Instructions for the task
Leaving pictures out, repeat word for word the line that has "MADMOUSE new red" and each line that follows it to the end of the listing.

- Opening Delimiter -

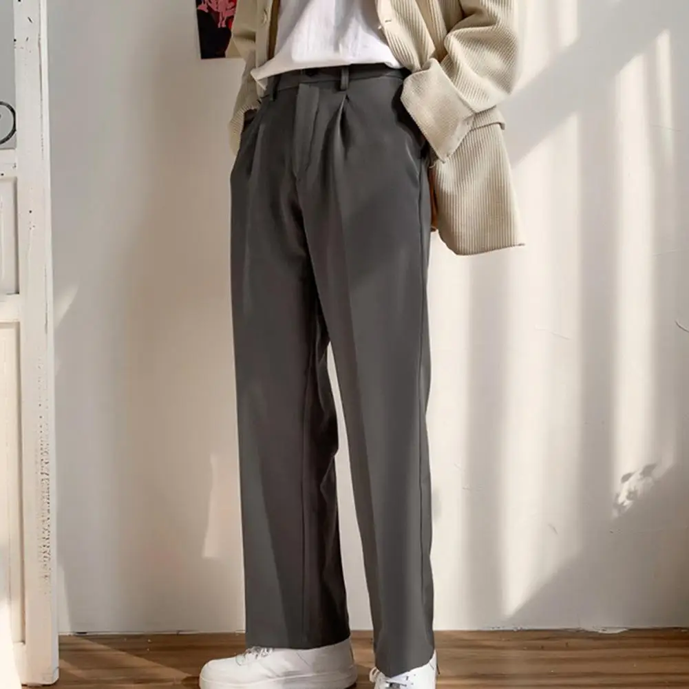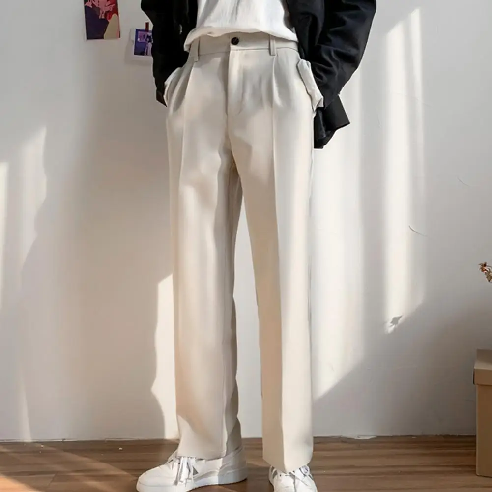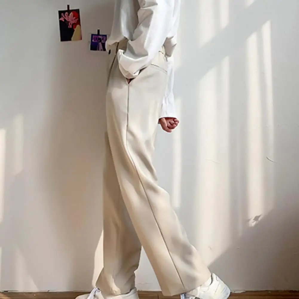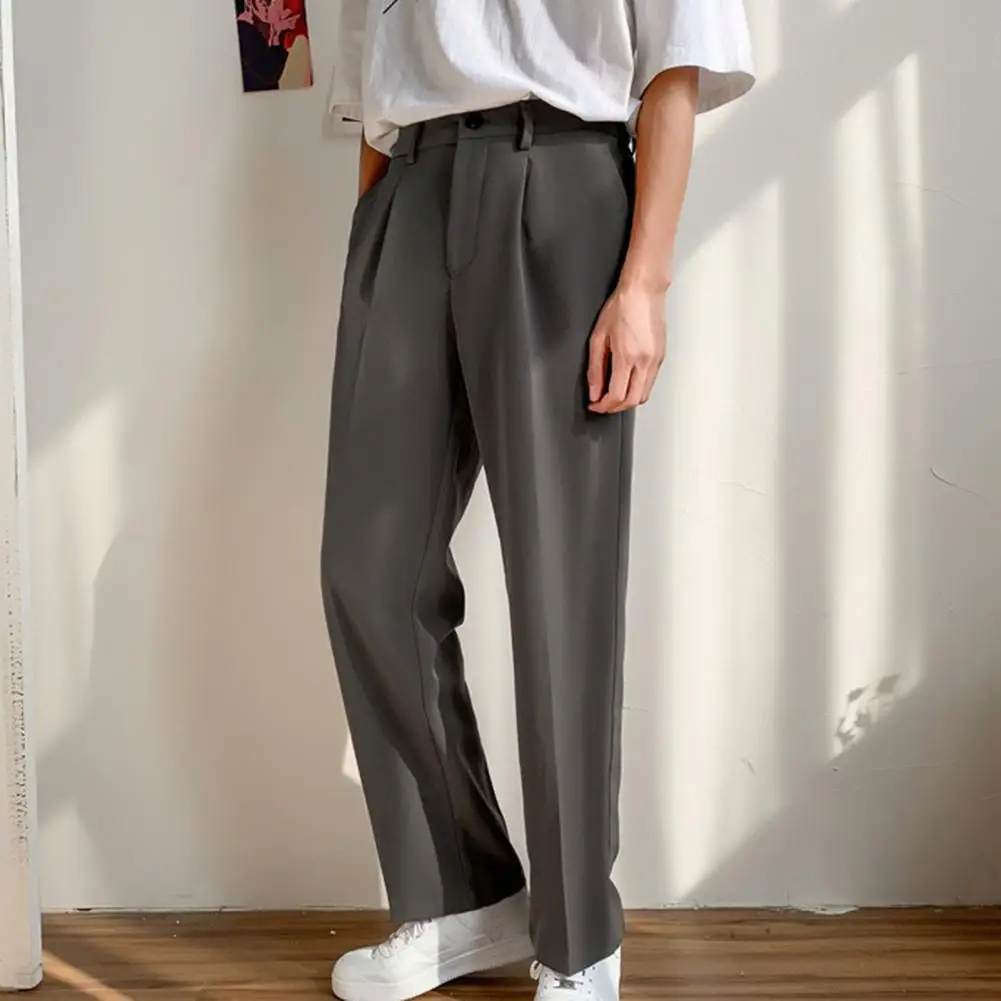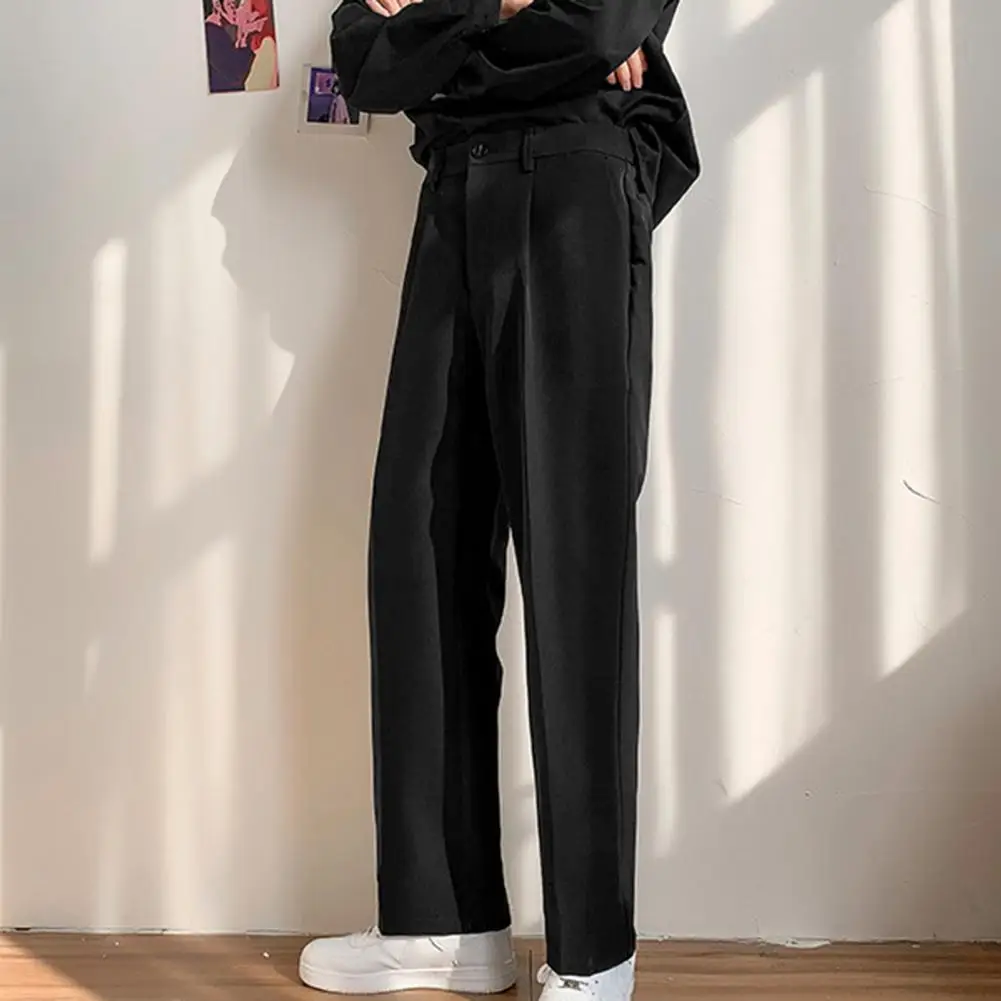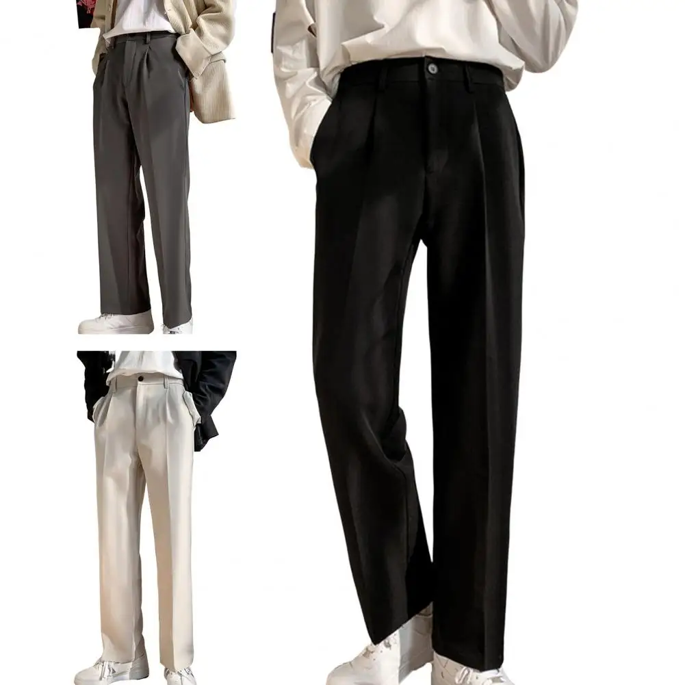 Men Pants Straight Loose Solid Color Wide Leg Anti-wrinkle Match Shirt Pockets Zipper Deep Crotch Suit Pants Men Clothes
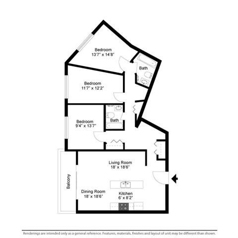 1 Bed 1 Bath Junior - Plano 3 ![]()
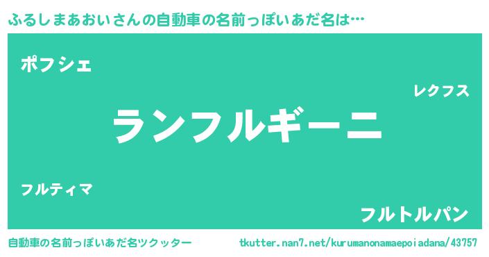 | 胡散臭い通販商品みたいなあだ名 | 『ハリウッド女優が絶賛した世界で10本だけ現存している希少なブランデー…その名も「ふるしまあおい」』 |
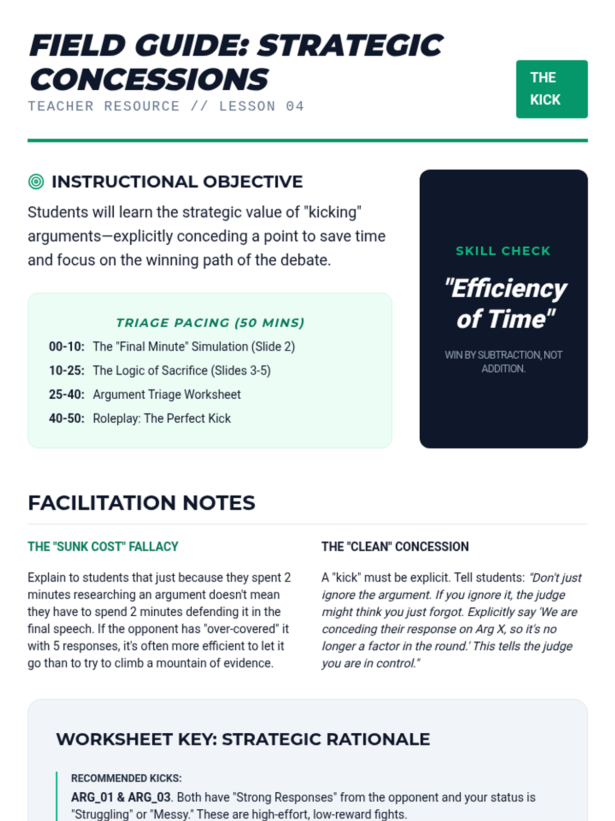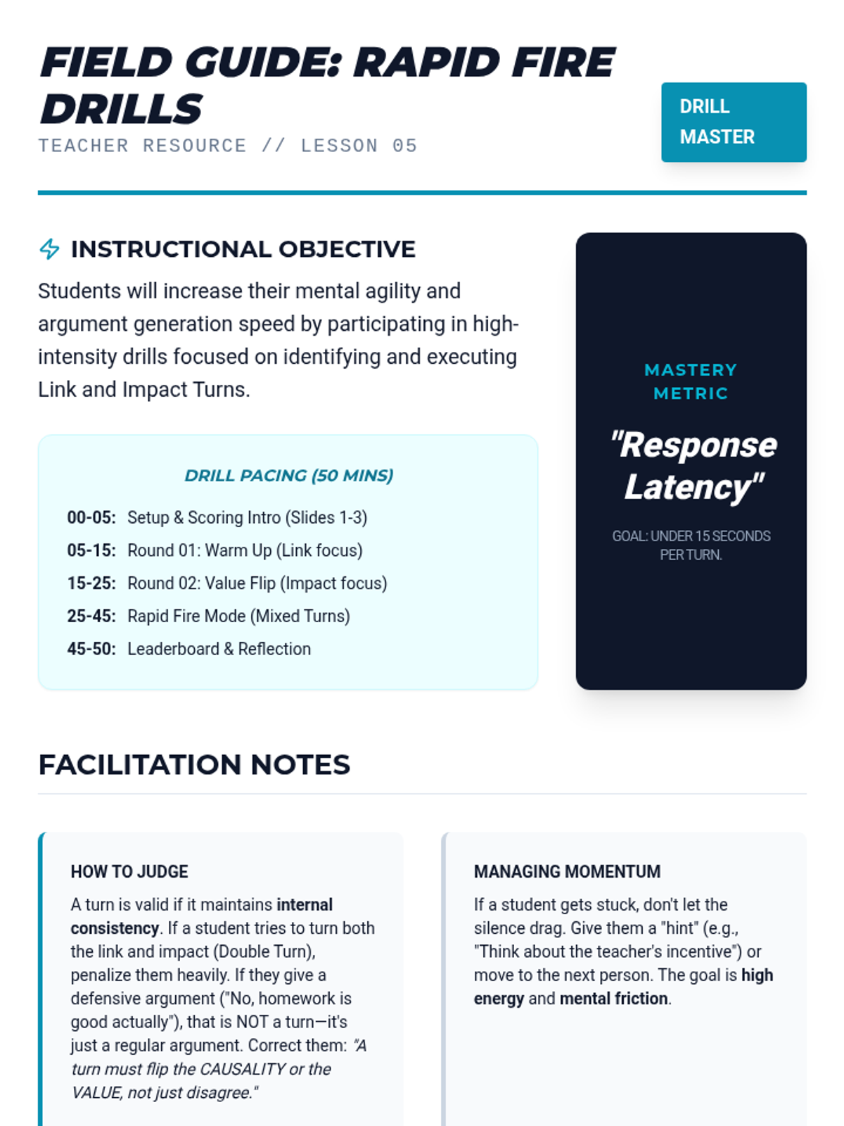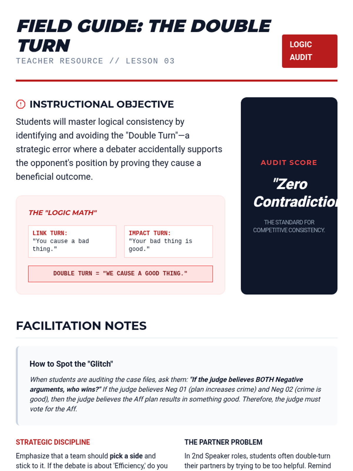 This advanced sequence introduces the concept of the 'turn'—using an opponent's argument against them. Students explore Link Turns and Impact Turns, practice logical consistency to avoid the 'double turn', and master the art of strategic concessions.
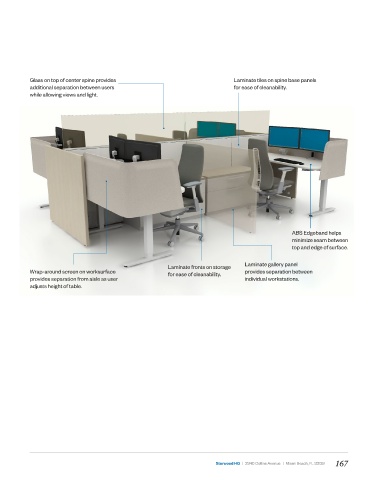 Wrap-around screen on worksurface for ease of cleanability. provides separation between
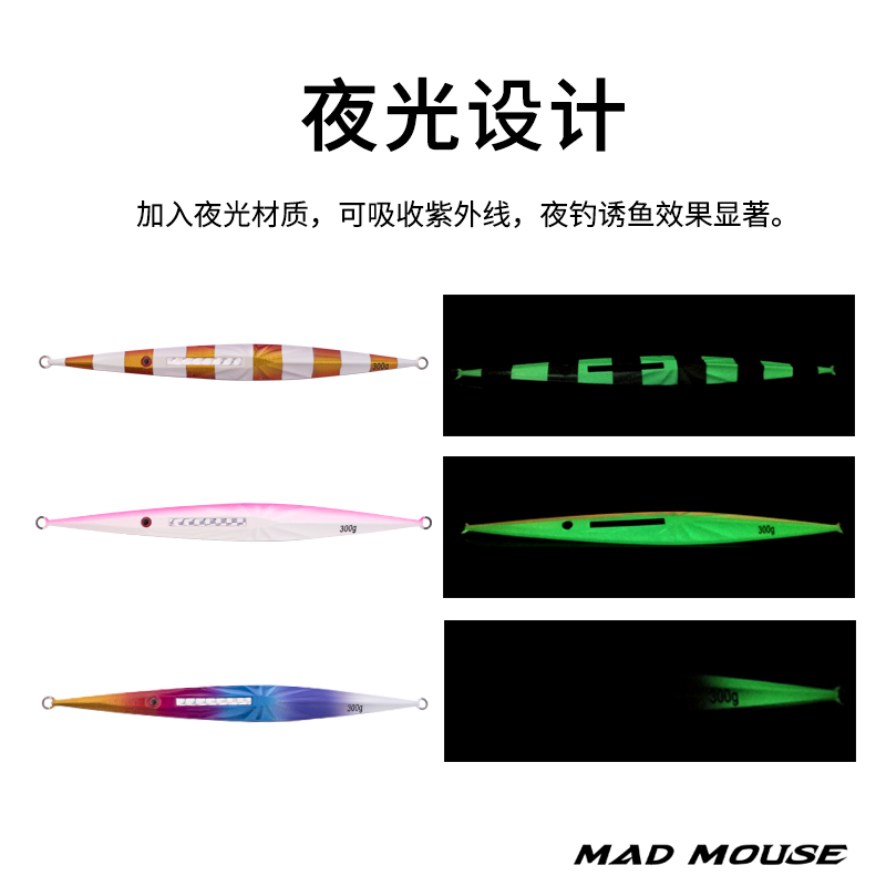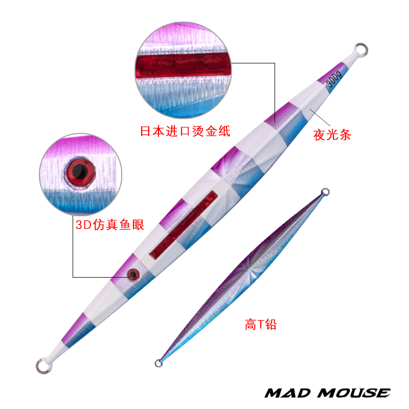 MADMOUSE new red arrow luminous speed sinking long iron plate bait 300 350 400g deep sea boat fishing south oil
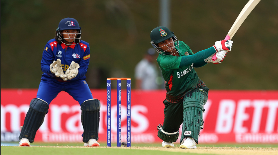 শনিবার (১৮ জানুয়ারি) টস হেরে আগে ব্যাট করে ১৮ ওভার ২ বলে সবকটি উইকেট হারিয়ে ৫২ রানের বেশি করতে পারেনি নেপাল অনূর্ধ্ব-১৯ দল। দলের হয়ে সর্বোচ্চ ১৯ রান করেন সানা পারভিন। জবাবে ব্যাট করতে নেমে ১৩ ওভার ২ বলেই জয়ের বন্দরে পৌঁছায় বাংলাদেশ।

- Closing Delimiter -

Written solution
 MADMOUSE new red arrow luminous speed sinking long iron plate bait 300 350 400g deep sea boat fishing south oil
 শনিবার (১৮ জানুয়ারি) টস হেরে আগে ব্যাট করে ১৮ ওভার ২ বলে সবকটি উইকেট হারিয়ে ৫২ রানের বেশি করতে পারেনি নেপাল অনূর্ধ্ব-১৯ দল। দলের হয়ে সর্বোচ্চ ১৯ রান করেন সানা পারভিন। জবাবে ব্যাট করতে নেমে ১৩ ওভার ২ বলেই জয়ের বন্দরে পৌঁছায় বাংলাদেশ।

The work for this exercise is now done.